I am scheduled to see my ND this Friday, so I will know more by the about how many treatments and their frequency.

As far as the supplementation during chemo and rads, I was on one daily multivitamin and L- Glutamine, vit B1, B6, B2, B12. Then I added 6g/day Curcumin C3 with Bioperine during rads. 

I avoided vit C and E  during chemo and rads specifically because they are antioxidants. 

I was told by my MO, RO and a pharmacist that any antioxidants in food form is OK, so peaches or apples would definitely be fine.

Yens: Thanks so much about the info re snow fungus. I'll look for it next time I go to the health food store.

Lolis: 'Eloi, Eloi, lema sabachthani? Is a sentence that Jesus cried out in agony while being crucified and it means:

'My God, My God, why have you forsaken Me?' 

footballnut

hi all

It's Monday and I'm feeling more like myself albeit a few minor things. I'm losing my eyelashes and eyebrows are thinning out and my eyes feel "sticky". Tummy is much better and my tongue isn't burning so much anymore. The back of my neck still feels clammy off and on and I get the odd chills. Sometimes at night I'm on FIRE but not sweating

And I'm HUNGRY!

We had a BBQ on the weekend and I ate 2 Nathdns hotdogs with buns - they gotta be Nathan's!! - some pasta salad, chips and a piece of chocolate cake. I even drank 1 1/2 bottles of Pepsi. Felt great!!!

My friend gave me a book called "eat to beat cancer". I told her today that according to this book I'm already dead. Lol

I just can't buy into all of this stuff. Go vegan, live on rabbit food etc. I believe in moderation. If I can't eat my junk every now and then I'm not living!
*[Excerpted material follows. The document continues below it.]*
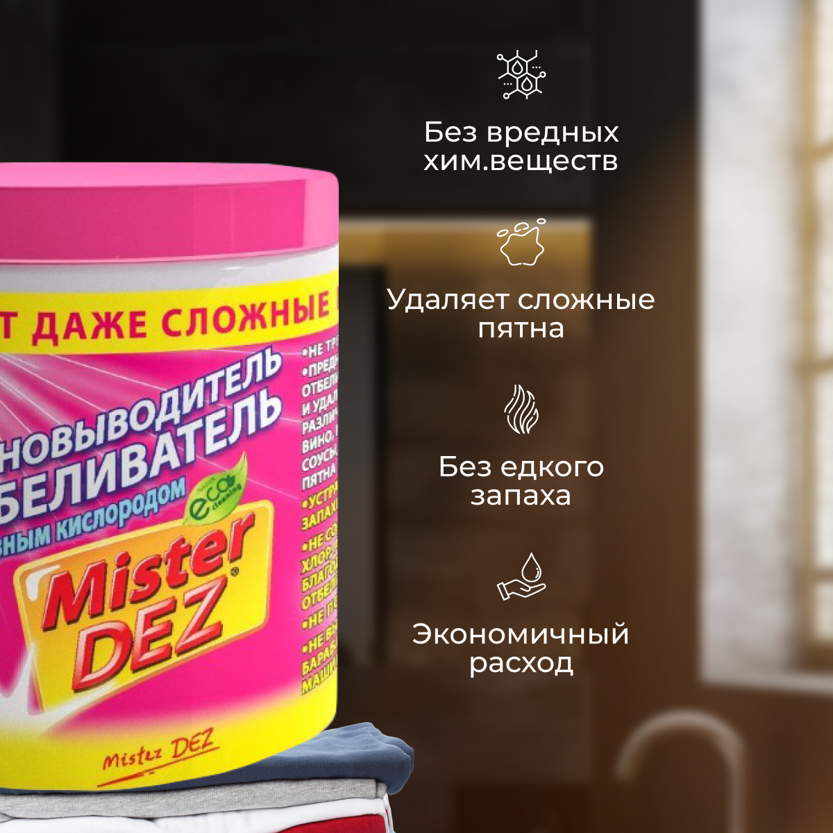 Отбеливатель-пятновыводитель с активным кислородом mister dez, 1000 гр.(мк)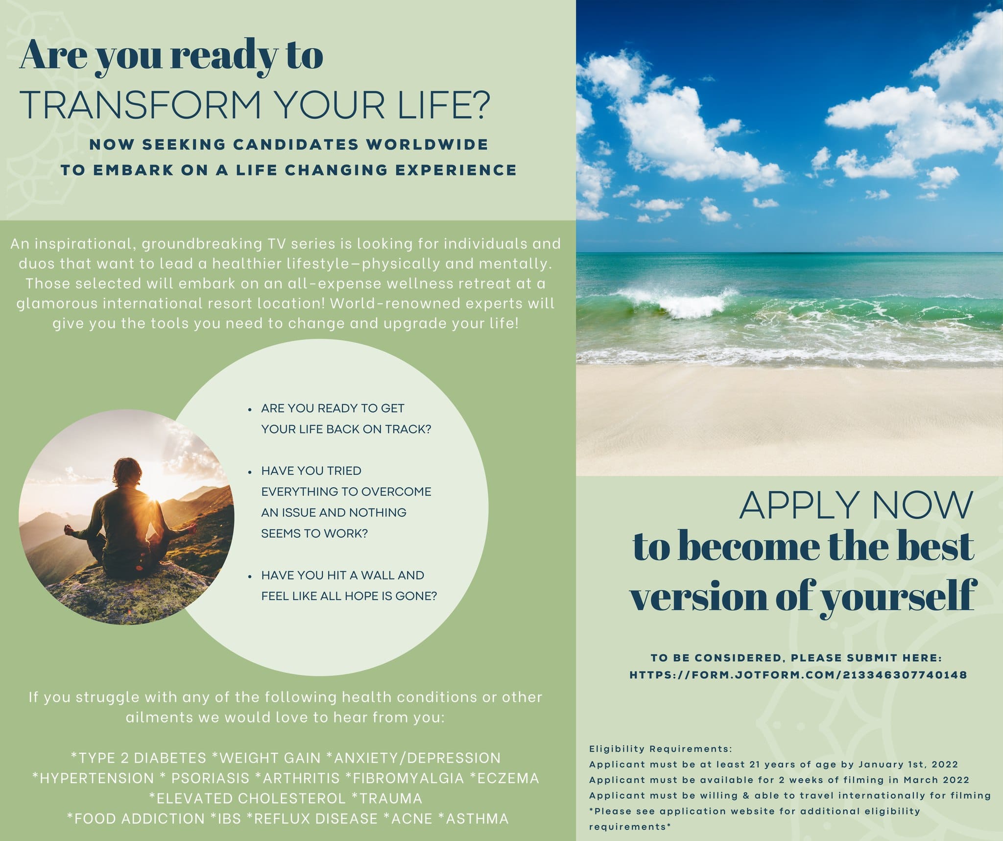 We are looking for duos who would like to partake in an all expenses paid wellness retreat with the goal of transforming their overall well-being. If you suffer from any of the chronic health issues or ailments on the flyer below, apply today to be considered!

A friend of mine took me on his motorcycle during our BBQ. It was awesome! It felt so great - until we got pulled over for speeding. Lol

Today I was on the treadmill for 40 minutes and did arm weights for 1/2 hour

A week wed in my 2nd to last round of chemo. I'm scared sh*tless! I'll see what my onc has to say regarding proposed changes to my treatment. I think that I'll be getting taxotere weekly for the remaining 6 weeks. A nurse told me that most women tolerate this much better.

For now I'm going to enjoy my week! 😊

Amazon let me know if I can do snything to help you. I'm not far away!!

Lolis

Yensmiles - I stopped the omega 3 for the same reason as the vit C. I don't want the chemo to be less effective because of the added anti-inflamatory qualities of omega 3. I still eat fish so trying to get some of the good fats that way. Good to know that peaches and nectarines are fine. I am adding the fresh blueberries to my oatmeal breakfast.

Amazon thanks for the info and the translation. 

Ang - looking good on that bike!!! I am going for my first taxorete treatment this thursday. Feeling a bit antsy as I don't know what to expect.